» **WORK INSTRUCTIONS**: From the first line to the last, print the records exactly, leaving out the pictures.

» **DATA FOR REVIEW**:
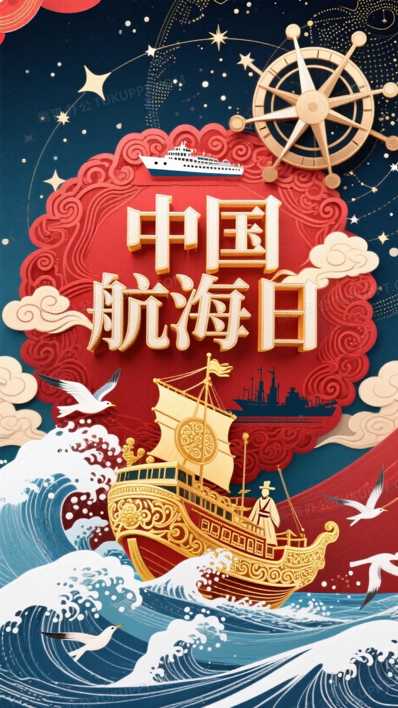 本作品内容为中国航海日国潮风格海报, 格式为 jpg, 大小1 MB, 图片尺寸为936 x 1664, 源文件无水印, 欢迎使用熊猫办公。 如认为平台内容涉嫌侵权,可通过邮件:tousu@tukuppt.com提出书面通知,我们将及时处理。
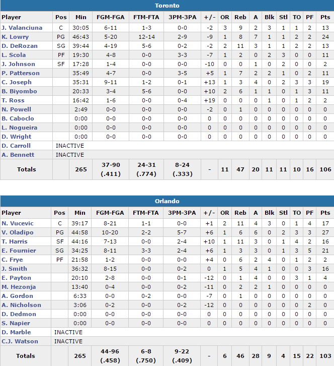 Toronto s’en sort alors que leurs deux stars Kyle Lowry (24 points à 5/20, 12/14 aux lancers, 8 rebonds et 7 passes) et DeMar DeRozan (13 points à 4/19 et 11 rebonds) ont été très maladroites, mais Cory Joseph (19 points à 9/11), Luis Scola (11 points), Patrick Patterson (11 points et 7 rebonds) et Bismack Biyombo (11 points et 6 rebonds) ont fait le boulot.
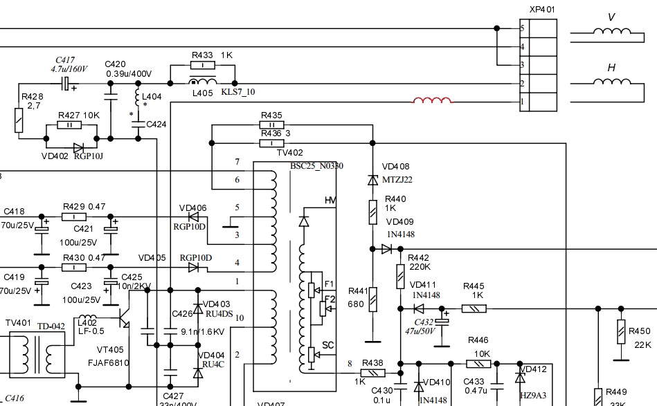 | Цитата: | | ...размещение на магнитопроводе ТДКС дополнительной обмотки, состоящей из 10...60 витков провода МГТФ и включение ее последовательно между первичной обмоткой ТДКС и СОК (т.е. включение по автотрансформаторной схеме - обмотка подключается одним выводом к коллектору НОТ, а вторым - к цепи элементов, которые раньше подключались к НОТ, что и сделано в большинстве «китайских» ТВ с ТДКС, имеющими дополнительные отводы первичной обмотки для установки размеров растра). Число витков и фазировка указанной дополнительной обмотки подбирается экспериментально до получения требуемого размера по горизонтали... |
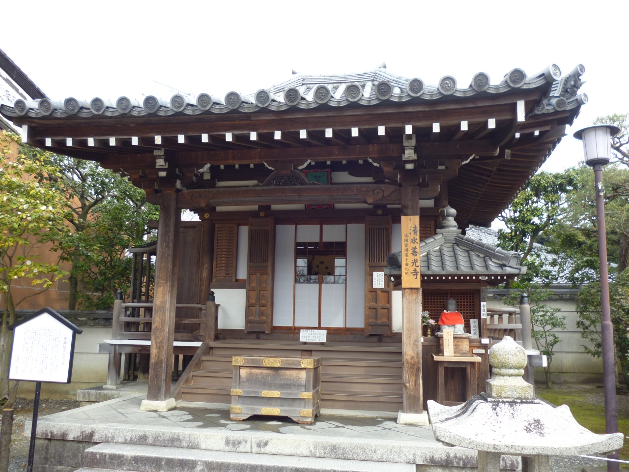 清水寺仁王門の手前左手にあります。ご本尊は,如意輪観音菩薩様です。お堂の右に「首振り地蔵さん」がいます。首が回るお地蔵さんで、首を思う人の方向に回して願うと、その願いがかなうそうです。恋愛成就のご利益があります。
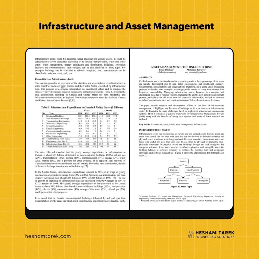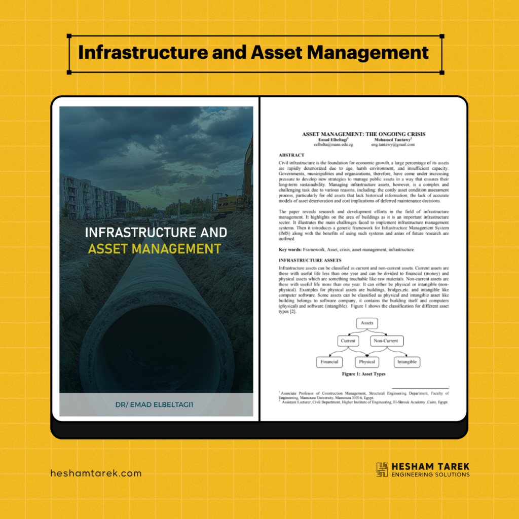 كتاب Infrastructure and Asset Management بيقدّم فهم عملي لإدارة البنية التحتية والأصول الهندسية على المدى الطويل، بداية من التخطيط واتخاذ القرار، مرورًا بالتشغيل والصيانة، ووصولًا إلى التجديد أو الإحلال.
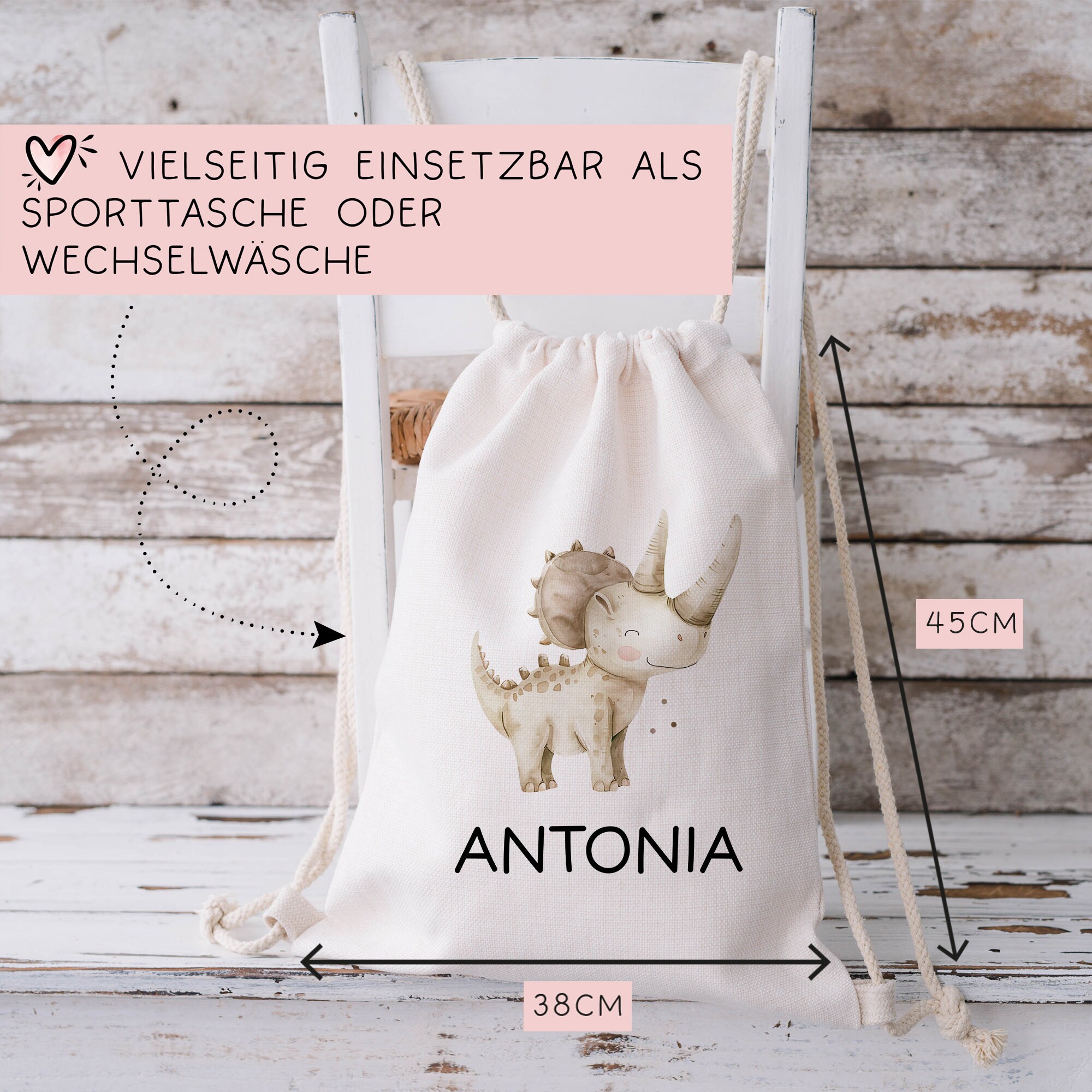 Personalisierter Turnbeutel Affe, Elefant, Hund, Katze, Kuh, Tiger, Löwe, Pferd, Wal, Hase | Kindergarten, KITA , KIGA | als Wäschebeutel
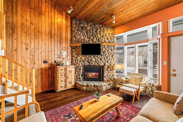 TV, fireplace - Cozy Loft Studio | Steps from the Slopes | Fireplace + Hot Tubs! (Steamboat Springs)
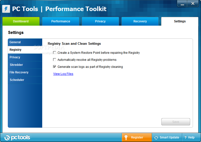 Registry Compacting - For optimized system performance, PC Tools Performance Toolkit’s registry compacting feature analyzes, rebuilds and compresses the Windows registry by removing registry gaps, free space and corrupt keys.
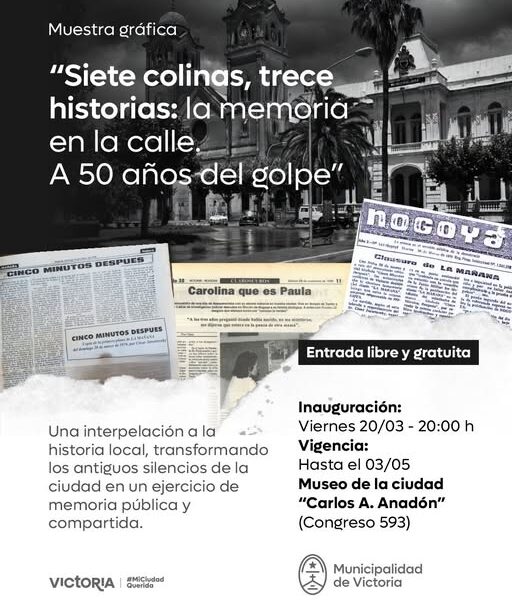 En el marco del 50° aniversario del quiebre institucional de 1976, esta muestra gráfica propone una interpelación a la historia local, transformando los antiguos silencios de la ciudad en un ejercicio de memoria pública y compartida.
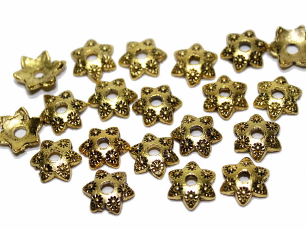 Zwanzig Perlenkappen, ca.  9 x 3 mm mit Sternchen, altgoldfarben.
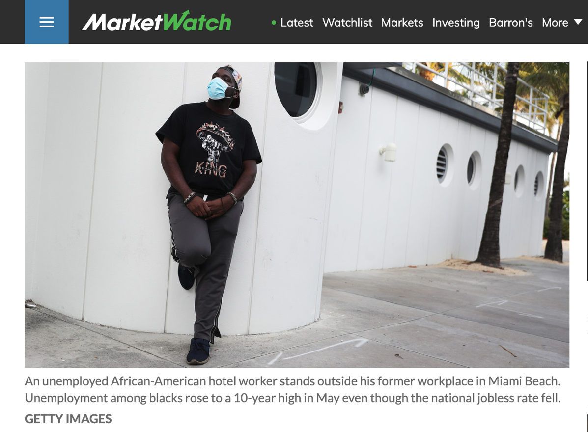 隨著過去幾個月內(nèi)美國新冠肺炎疫情的暴發(fā),圍繞種族間貧富差距和區(qū)別對待的問題也在不斷放大,從而導致了矛盾激化。最為直觀的就是,今年5月,非裔工人的失業(yè)率已飆升至16.8%,達到了2010年初以來的最高水平。非裔家庭本就資產(chǎn)積累較少,一旦失業(yè),則意味著生活如履薄冰。
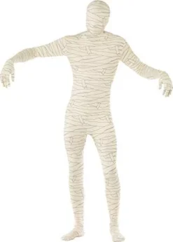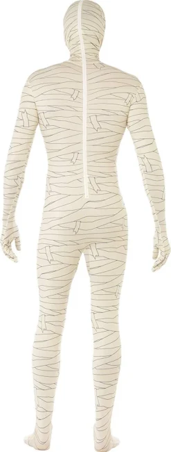 Divertente costume seconda pelle, tuta da mummia con cappuccio apribile.

» **WRITTEN REPLY**:
 本作品内容为中国航海日国潮风格海报, 格式为 jpg, 大小1 MB, 图片尺寸为936 x 1664, 源文件无水印, 欢迎使用熊猫办公。 如认为平台内容涉嫌侵权,可通过邮件:tousu@tukuppt.com提出书面通知,我们将及时处理。
 Toronto s’en sort alors que leurs deux stars Kyle Lowry (24 points à 5/20, 12/14 aux lancers, 8 rebonds et 7 passes) et DeMar DeRozan (13 points à 4/19 et 11 rebonds) ont été très maladroites, mais Cory Joseph (19 points à 9/11), Luis Scola (11 points), Patrick Patterson (11 points et 7 rebonds) et Bismack Biyombo (11 points et 6 rebonds) ont fait le boulot.
 | Цитата: | | ...размещение на магнитопроводе ТДКС дополнительной обмотки, состоящей из 10...60 витков провода МГТФ и включение ее последовательно между первичной обмоткой ТДКС и СОК (т.е. включение по автотрансформаторной схеме - обмотка подключается одним выводом к коллектору НОТ, а вторым - к цепи элементов, которые раньше подключались к НОТ, что и сделано в большинстве «китайских» ТВ с ТДКС, имеющими дополнительные отводы первичной обмотки для установки размеров растра). Число витков и фазировка указанной дополнительной обмотки подбирается экспериментально до получения требуемого размера по горизонтали... |
 清水寺仁王門の手前左手にあります。ご本尊は,如意輪観音菩薩様です。お堂の右に「首振り地蔵さん」がいます。首が回るお地蔵さんで、首を思う人の方向に回して願うと、その願いがかなうそうです。恋愛成就のご利益があります。
 كتاب Infrastructure and Asset Management بيقدّم فهم عملي لإدارة البنية التحتية والأصول الهندسية على المدى الطويل، بداية من التخطيط واتخاذ القرار، مرورًا بالتشغيل والصيانة، ووصولًا إلى التجديد أو الإحلال.
 Personalisierter Turnbeutel Affe, Elefant, Hund, Katze, Kuh, Tiger, Löwe, Pferd, Wal, Hase | Kindergarten, KITA , KIGA | als Wäschebeutel
 TV, fireplace - Cozy Loft Studio | Steps from the Slopes | Fireplace + Hot Tubs! (Steamboat Springs)
 Registry Compacting - For optimized system performance, PC Tools Performance Toolkit’s registry compacting feature analyzes, rebuilds and compresses the Windows registry by removing registry gaps, free space and corrupt keys.
 En el marco del 50° aniversario del quiebre institucional de 1976, esta muestra gráfica propone una interpelación a la historia local, transformando los antiguos silencios de la ciudad en un ejercicio de memoria pública y compartida.
 Zwanzig Perlenkappen, ca.  9 x 3 mm mit Sternchen, altgoldfarben.
 隨著過去幾個月內(nèi)美國新冠肺炎疫情的暴發(fā),圍繞種族間貧富差距和區(qū)別對待的問題也在不斷放大,從而導致了矛盾激化。最為直觀的就是,今年5月,非裔工人的失業(yè)率已飆升至16.8%,達到了2010年初以來的最高水平。非裔家庭本就資產(chǎn)積累較少,一旦失業(yè),則意味著生活如履薄冰。
 Divertente costume seconda pelle, tuta da mummia con cappuccio apribile.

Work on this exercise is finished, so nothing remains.